The rejection follows an opinion released by the Oregon Attorney General’s office last week, which determined that setting up the machines at the proposed venue in Grants Pass, Josephine County, would constitute an illegal casino.
However, while the Racing Commission complied with the Department of Justice’s opinion, it did it reluctantly. Regulators for the state also unanimously passed a resolution noting their disapproval of the DOJ’s assessment.
“While I have great respect for the DOJ, their opinion is clearly at odds with the opinion of legislative counsel when the enabling statute was enacted,” said the commission’s Executive Director, Jack McGrail, according to KTVL. His statement is in reference to ORS. 462.155, which authorizes pari-mutuel betting machines.
Rendering for Flying Lark
Moreover, the ORC cites the case of a similar application, which was approved for Portland Meadows in 2014, a historic racetrack that closed for good in 2019. “It seems difficult to reconcile that when you consider that that activity at Portland Meadows occurred for four consecutive years,” McGrail wrote.
Despite their individual disagreements, the ORC said that they felt bound to abide by the DOJ opinion, which was also backed by Gov. Kate Brown, who in a Wednesday letter suggested commissioners follow the state’s legal counsel.
“It is my expectation that the Oregon Racing Commission will heed the advice in this published opinion by our state legal counsel,” Brown had written, according to KDRV, “Where, as here, an application before a state regulatory licensing agency proposes unconstitutional activity, that application should be denied.
The letter further said that, should a member of the Commission “vote to take any action inconsistent with the law” as interpreted by the DOJ, Brown would regard such conduct as contrary to her expectations for their appointments. This would provide grounds to initiative removal from the appointment, the Gov. said.
Following the ORC decision, McGrail said that the issue could still make its way to court for a more definitive ruling. He also defended the use of HHR machines, which have been operated in Oregon for years, and said that the DOJ opinion would “deliver a serious blow” to the horse racing industry, as well as Josephine County.

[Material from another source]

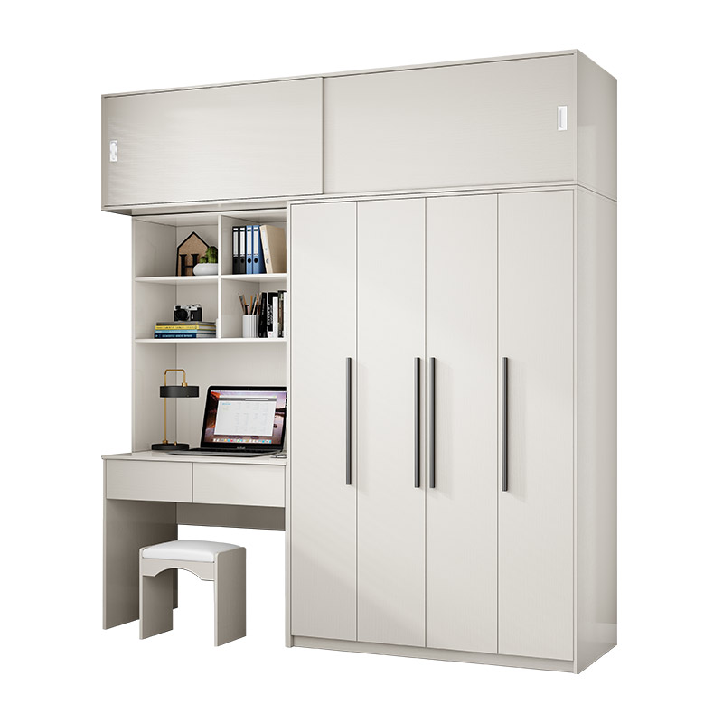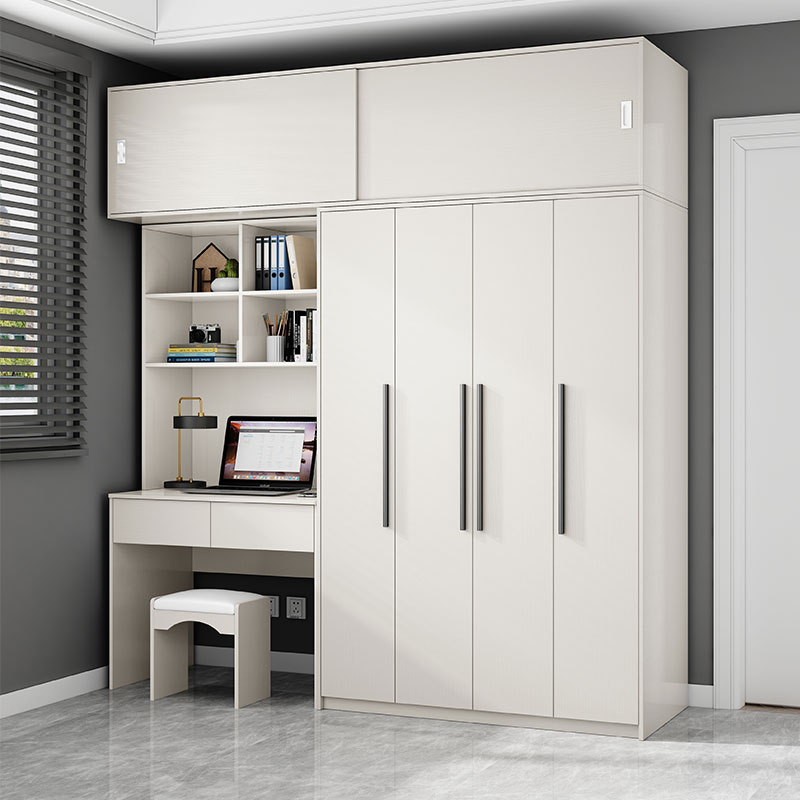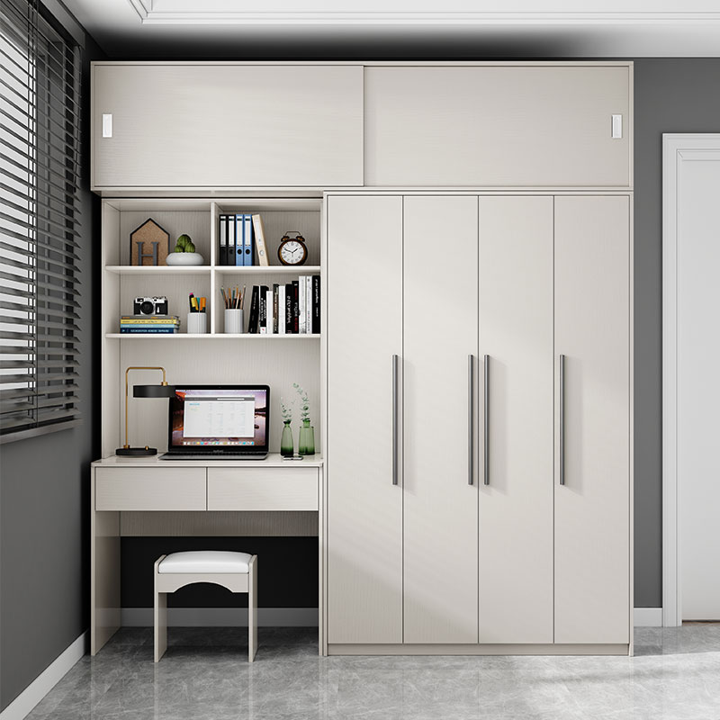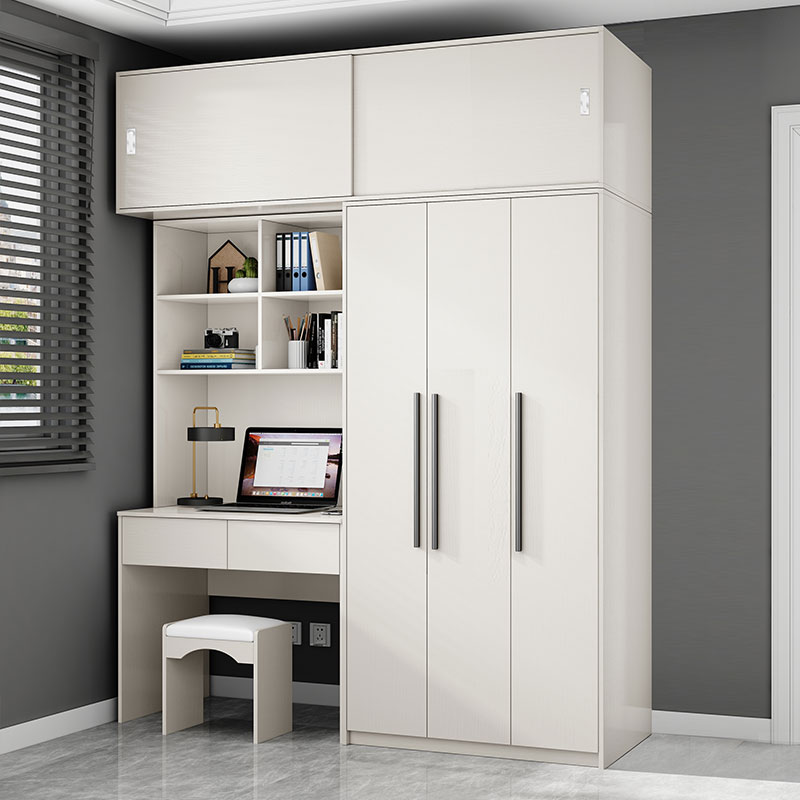 白色儿童家用卧室小户型办公电脑桌衣柜一体学生写字连体书桌柜子

Flying Lark backer Travis Boersma said during public comments on the ORC session that the Department of Justice opinion was “deeply flawed,” and stated he would have to lay off 200 employees at the end of the month due to the decision.
The businessman further said he would still personally fund horse racing at Grants Pass Downs for the next three seasons in an effort to keep “an industry and thousands of additional jobs from being eliminated” while he and his team assess their options. No mention of specific legal action has been brought up so far.
The Oregon Racing Commission decision can be perceived as a victory for Oregon tribes, which have opposed the Flying Lark’s plan of operating gaming machines since its proposal. Tribal nations in the Beaver State argued modern versions of the machines are identical to slots, removing any element of skill that identifies them as HHRs.
In a statement penned last month, a coalition of tribes claimed they would like to see the horse racing industry survive and thrive in Oregon, but claimed there were better ways to do so than “through a private casino that violates state law and redistributes gaming revenue from tribes and the state lottery to a private business owner.”